Vervolgens heeft de inhoudingsplichtige de mogelijkheid om aannemelijk te maken dat het in aanmerking te nemen loon op een lager bedrag moet worden gesteld. Dit kan als aannemelijk is dat het loon uit de meest vergelijkbare dienstbetrekking lager is. Voor zover het loon met deze tegenbewijsmogelijkheid niet onder de € 44.000 zakt, mag de inhoudingsplichtige rekening houden met de doelmatigheidsmarge.
Afspraken/overgangsregime
In de toelichting bij het Belastingplan 2015 wordt aangegeven dat in verband met de aanpassing van de doelmatigheidsmarge alle bestaande afspraken gemaakt met de Belastingdienst over de hoogte van het toe te passen loon voor DGA’s na 2014 worden opgezegd. De praktijk krijgt de gelegenheid om in 2015 eventuele nieuwe afspraken te maken.

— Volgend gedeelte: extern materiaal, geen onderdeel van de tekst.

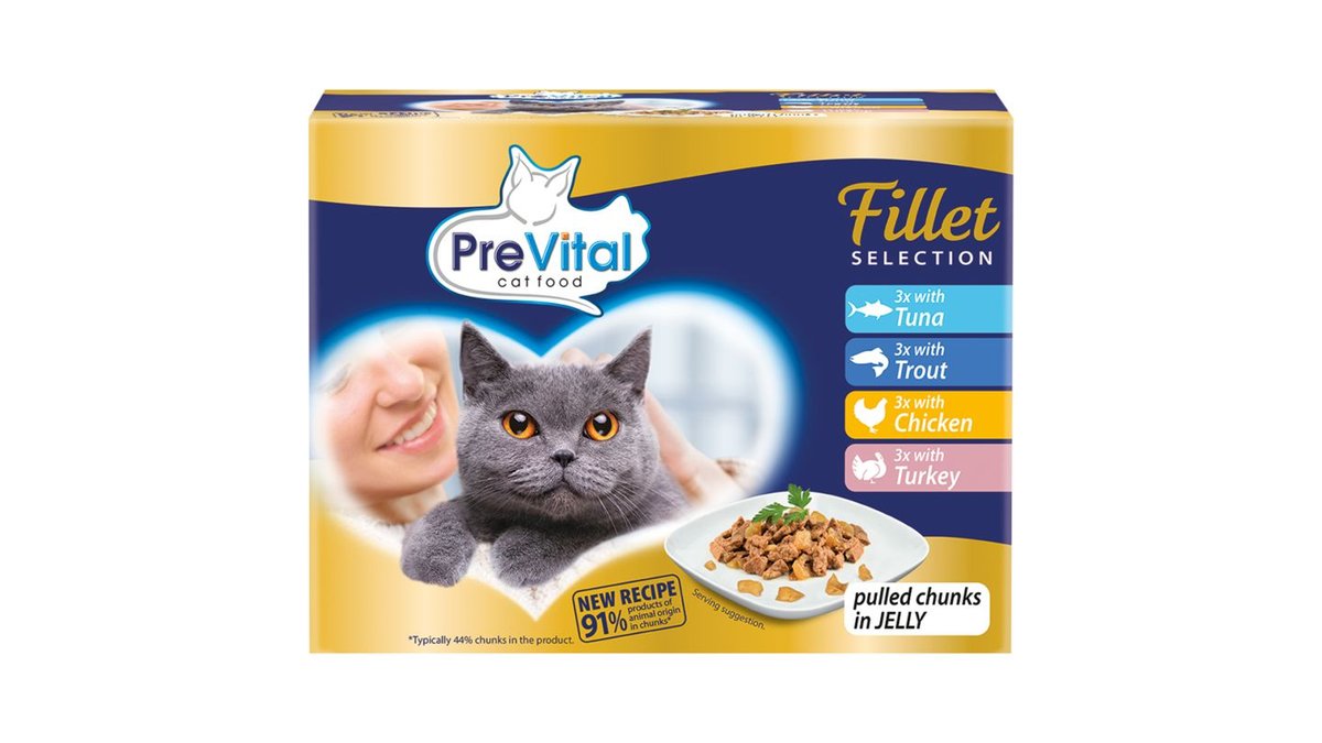 PreVital Fillet Selection nedves macskaeledel, macskatáp felnőtt macskáknak alutasakos 12 x 85 g
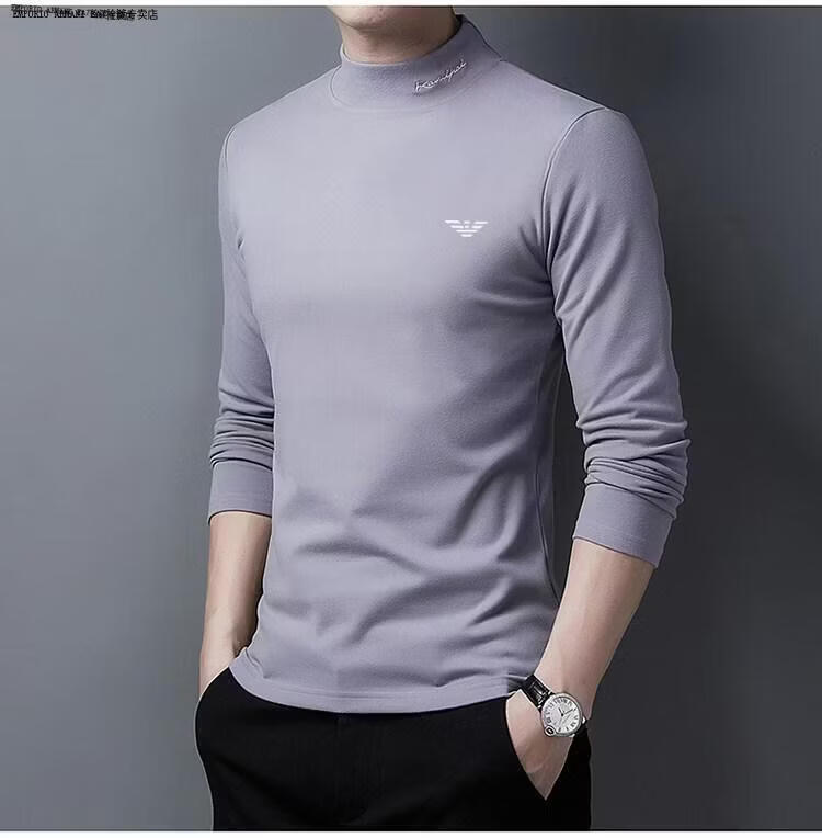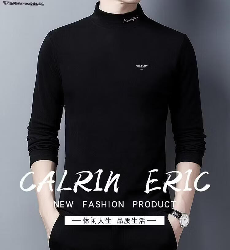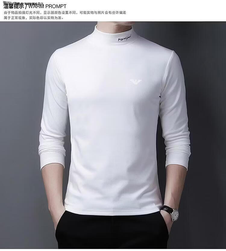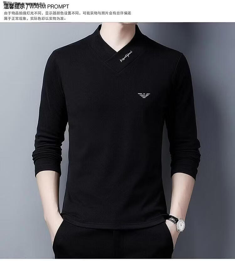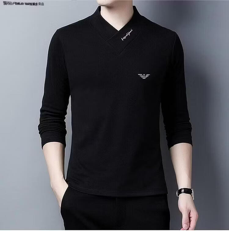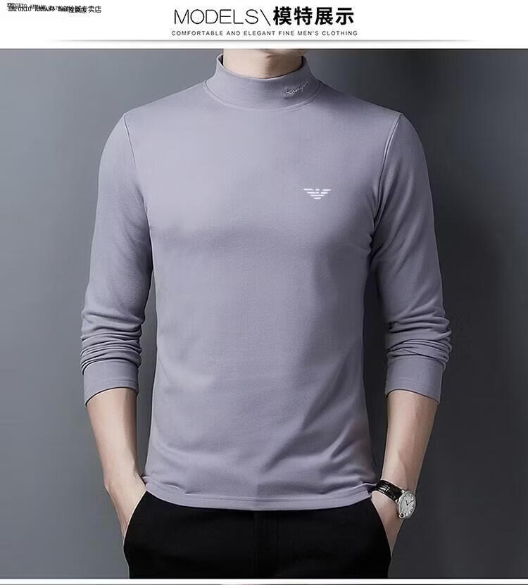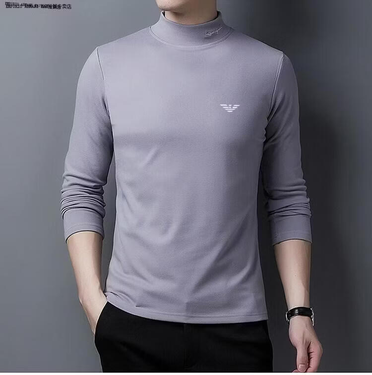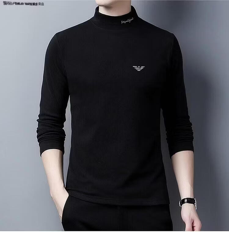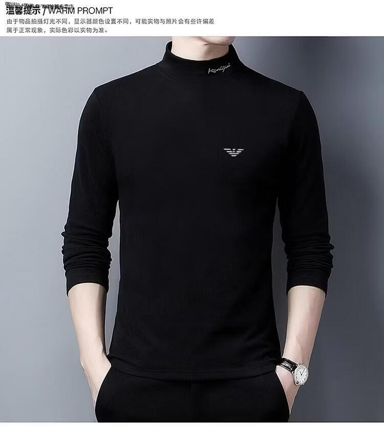 Emporio Armani EA7 Armani long-sleeved T-shirt men's German velvet stand-up collar with spring and autumn new double-sided velvet sweatshirt middle-aged bottoming shirt high collar black 03 L 170
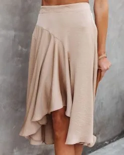 TYCH-001 Palmer Satin Ruffle Midi Skirt – Tan – SALE
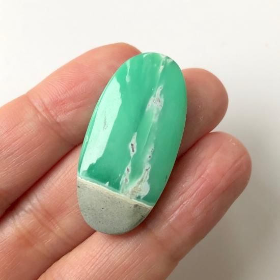こちらはバリサイトのルースになります。見た目がターコイズに似ていることから青い色が着色されている事がありますが(特にタイへ買い付けに行った際に多く見かけました)、こちらの色味は自然のものとなります。また、こちらのバリサイトは発色がとても美しくクオリティーの良いタイプのものとなります。安価なバリサイトも別途同時掲載しておりますが、価格の違いはクオリティーの違いによるものです。
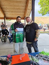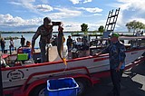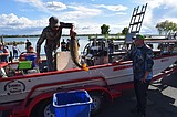 Alex Mendoza, left, accepts the prize for the 10 biggest fish by weight at the …
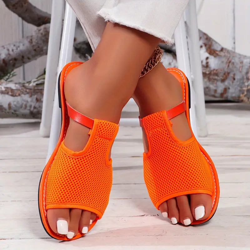 Stay cool and stylish with these breezy flats! Comfort with every step, add effortless flair to your beachwear, available in a orange tropical-inspired hue to perfectly match your summer wardrobe!
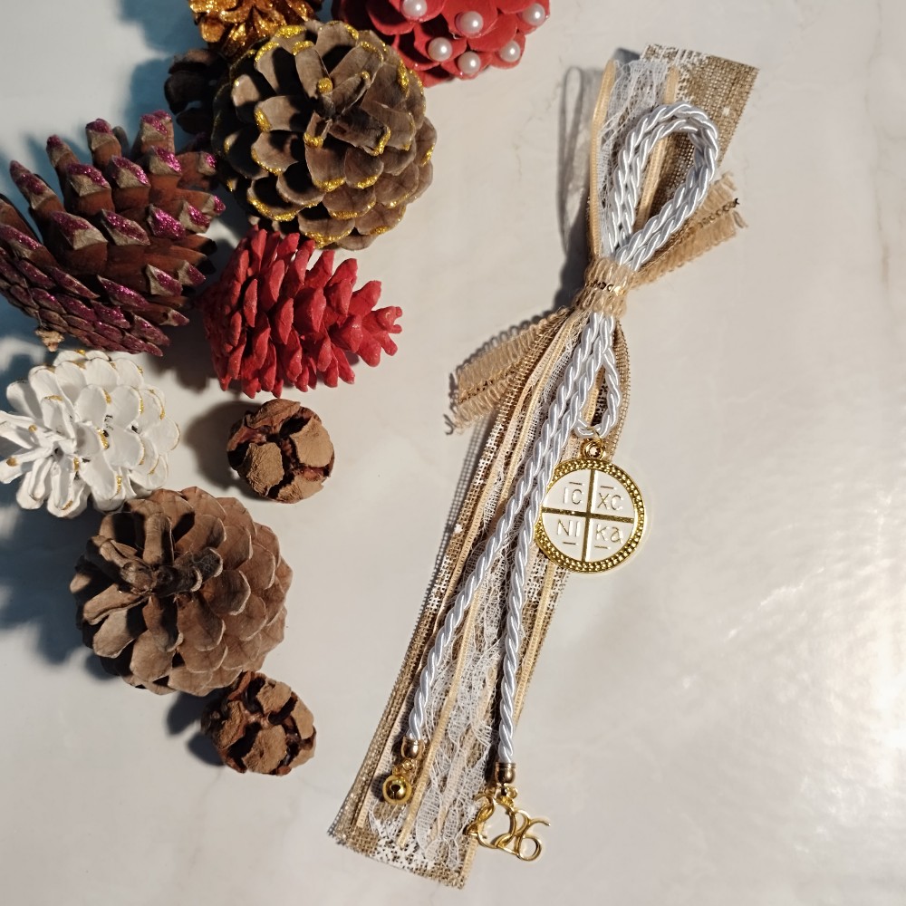 Χειροποίητο, οικονομικό, κρεμαστό γούρι 2026 με μεταλλικό χρυσό κωσταντινάτο με λευκό σμάλτο.
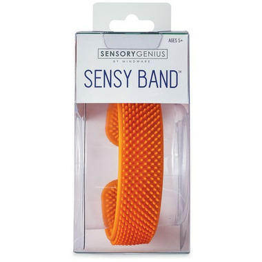Soothing textured silicone is the secret behind Sensy Bands ability to calm and focus the mind. The bright orange band is easy to slap on and take off and adjusts to any wrist size.
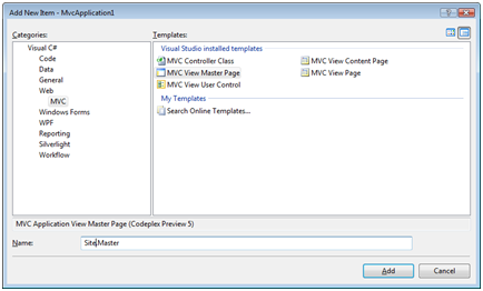 Let’s start by creating a view master page that defines a two-column layout. You add a new view master page to an MVC project by right-clicking the Viewsfolder, selecting the menu option Add, New Item, and selecting the MVC View Master Page template (see Figure 1).
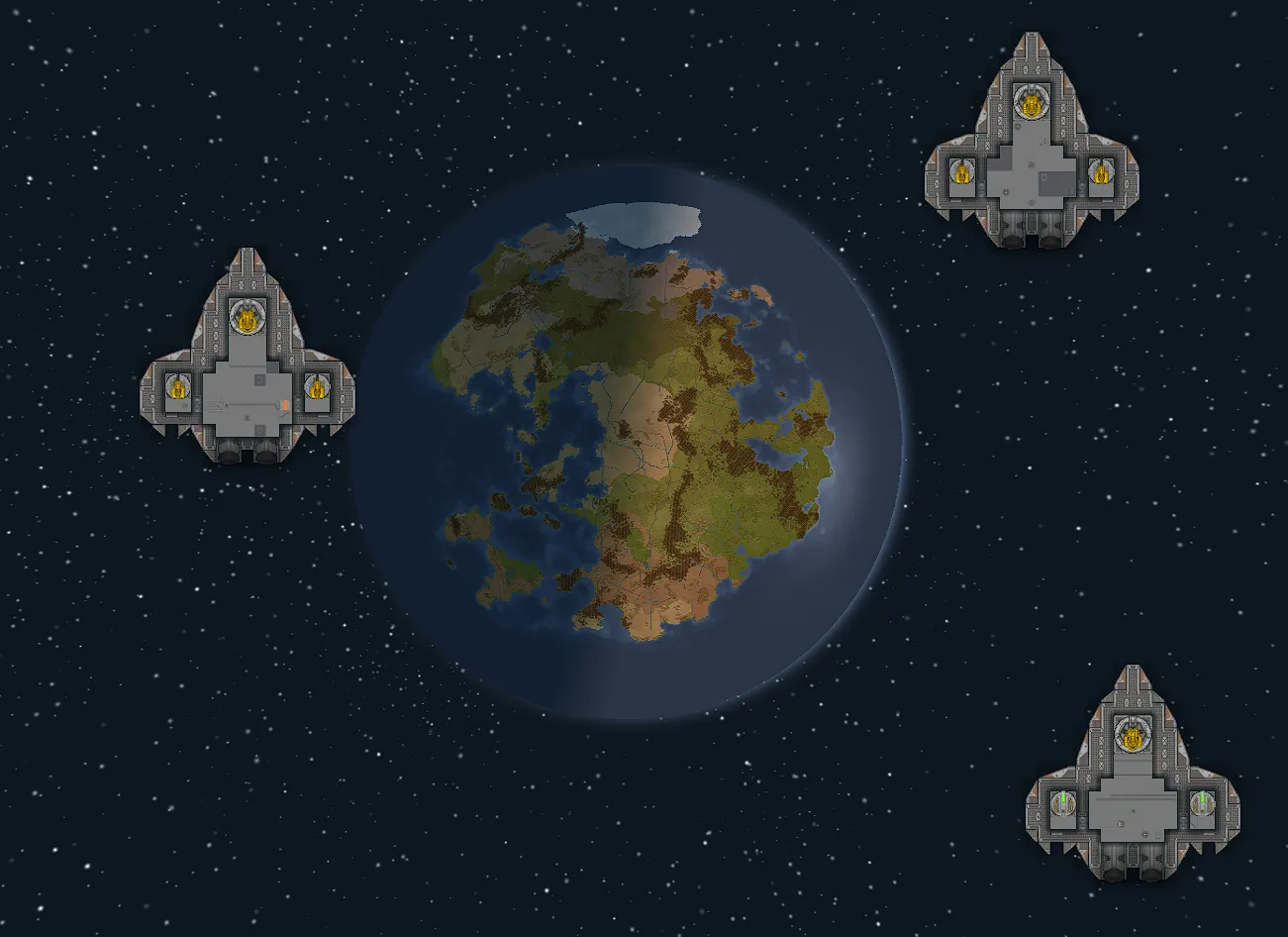 Deserter ships are universally combat-oriented and crewed by professionals. Expect rugged, utilitarian designs escorted by combat drones and fighters that will engage with the tenacity of cornered animals.
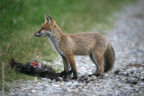 © Dieter Hopf/imageBROKER, Fototapeta premium Red Fox (Vulpes vulpes) and the remains of a domestic fowl

Overgangsrecht zorgt ervoor dat in 2015 het loon van de DGA moet worden gesteld op 75/70e van het loon dat in 2013 in aanmerking werd genomen, als dit hoger was dan € 43.000. Is aannemelijk dat het loon in 2015 volgens de gebruikelijk loonregeling lager dan wel hoger is, dan mag dit worden gesteld op een hoger of lager bedrag.